## THE PROBLEM:
Below are lines of data, and only some are wanted. Please repeat exactly those from the line that has "園児たちが頑張るお店にお客さんとして参加しました。" through the line that has "Les silhouettes élancées".

## SUPPLIED RECORDS:
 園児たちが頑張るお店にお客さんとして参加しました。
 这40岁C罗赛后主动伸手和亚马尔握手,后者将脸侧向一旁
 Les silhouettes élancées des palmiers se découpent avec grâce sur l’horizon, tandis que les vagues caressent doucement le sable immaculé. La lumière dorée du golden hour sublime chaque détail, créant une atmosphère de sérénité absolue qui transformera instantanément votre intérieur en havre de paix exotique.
---
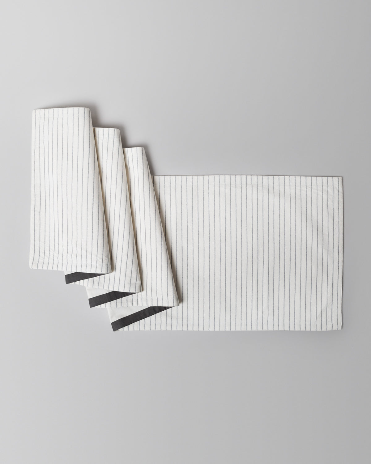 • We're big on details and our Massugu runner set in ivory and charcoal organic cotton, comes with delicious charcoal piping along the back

## ANSWER SPACE:
 園児たちが頑張るお店にお客さんとして参加しました。
 这40岁C罗赛后主动伸手和亚马尔握手,后者将脸侧向一旁
 Les silhouettes élancées des palmiers se découpent avec grâce sur l’horizon, tandis que les vagues caressent doucement le sable immaculé. La lumière dorée du golden hour sublime chaque détail, créant une atmosphère de sérénité absolue qui transformera instantanément votre intérieur en havre de paix exotique.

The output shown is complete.